Fleming and McKissic and Myreon Jones and Anthony Duruji all chipped in at least one three, and they and Niels Lane had all done something else good — McKissic playing fine defense on Smith, for example — and something else bad — Fleming banging two big threes and having five assists but also losing his mind with the ball late in the game, or Lane pairing his typically incredible defense with two atrocious threes late in the first half — by that point in the game, too.

And Florida was getting looks to go down — leaner threes from Appleby, finishes by Castleton over Kessler — that were not “good” shots in the sense of expected points, and maybe weren’t even advisable ones in the flow of its offense. The Gators got a little lucky on their shots, making 40 percent of their threes for just the fifth time this season.

But Auburn was lucky, too. Kessler hit his ninth three of the season — on his 41st attempt.

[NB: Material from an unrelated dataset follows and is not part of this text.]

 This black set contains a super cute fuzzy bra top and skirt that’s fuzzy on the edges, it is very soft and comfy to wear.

Some of Smith’s shots were over the sort of defense any coach would dream of. Zep Jasper split defenders and threw up a reverse that found nylon. And if not for several sins of commission on offense in a first half that saw it lead 22-14 at the under-four timeout, Florida might well have shoveled Auburn into a double-digit hole before the break.

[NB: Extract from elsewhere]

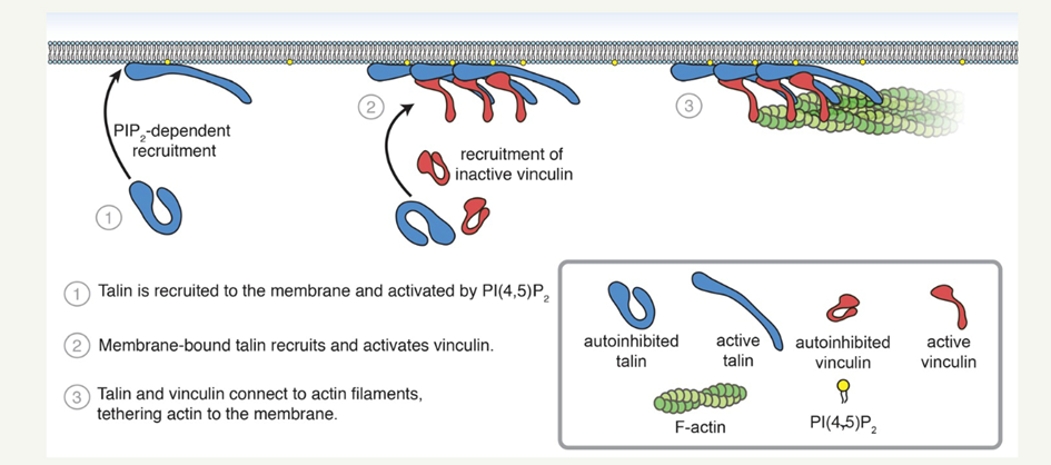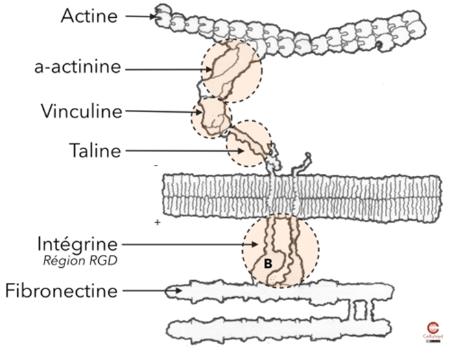 Sous l’effet de la tension mécanique, la vinculine s’active et se lie à la taline ainsi qu’aux filaments d’actine. Elle renforce l’ancrage du cytosquelette à la membrane et stabilise les adhérences focales. Ce couplage permet une transmission efficace des forces mécaniques entre les cellules musculaires lisses, assurant la continuité de la contraction des couches musculaires circulaire et longitudinale.

Instead, Auburn broke off an effortless 7-0 run into halftime, then followed it with a 14-5 run out of the locker room that flipped an eight-point deficit into a nine-point lead. That stretch put Florida in the familiar position of having to chase down a foe in the second half despite one of the most spirited first halves of competition these Gators have offered all year.

A lesser team might have broken there, convinced it had already given its best effort, thrown its finest punch, taken its best shots.

Florida, for all its faults, is not that lesser team — it is one that fights.

So fight the Gators did. And by making enough shots to match their defensive tenacity, they shrank and shrank that lead before seizing it again. And they would never give it up — not with their hands sweating, not with Auburn tearing at their fingers to break the grip.

What this means for this season is not totally clear, though a win this big could conceivably send the Gators up from the back of a pack of teams perched on the NCAA Tournament bubble to the middle of it. With three more wins from a slate that now features just four more games, but is split between major challenges against Arkansas and Kentucky and seemingly easier games against Georgia and Vanderbilt, Florida would have 20 on the season and 10 against SEC foes, numbers that would be both round and remarkable — and probably good enough to not sweat too hard on Selection Sunday so long as the Gators also win at least one SEC Tournament game.

What this win — and this season — mean for White’s tenure at Florida is also unclear. It’s the biggest win for a coach whose program has managed big wins on occasion, but not quite found stable footing in his seventh season. Ironically, it feels like some Gators might feel much better on this day were Florida in Auburn’s spot on this Saturday — loser to a Florida-like team, but pointed toward perennial prominence.

But this is Florida’s biggest regular-season win in Gainesville ever in relation to poll rankings, and it came in front of a hot crowd, over a rival, and via a triumph dramatic enough to elicit the sort of half-hearted impromptu court-storming that probably confirms why Florida fans shouldn’t attempt them in the first place. For me, it felt great to watch, even if it was a game involving this team — the Never, Ever Easy Gators, or the Heart and Hustle Gators, or the Lazarus Gators — because this was a huge, emotional win for Florida, all the other context and fallout and takeaways be damned.

I think there are Florida fans for whom that is not the case. I feel bad for them.

But this isn’t about them. I hope it never will be.

And I hope the Gator Boyz get to be hot tonight.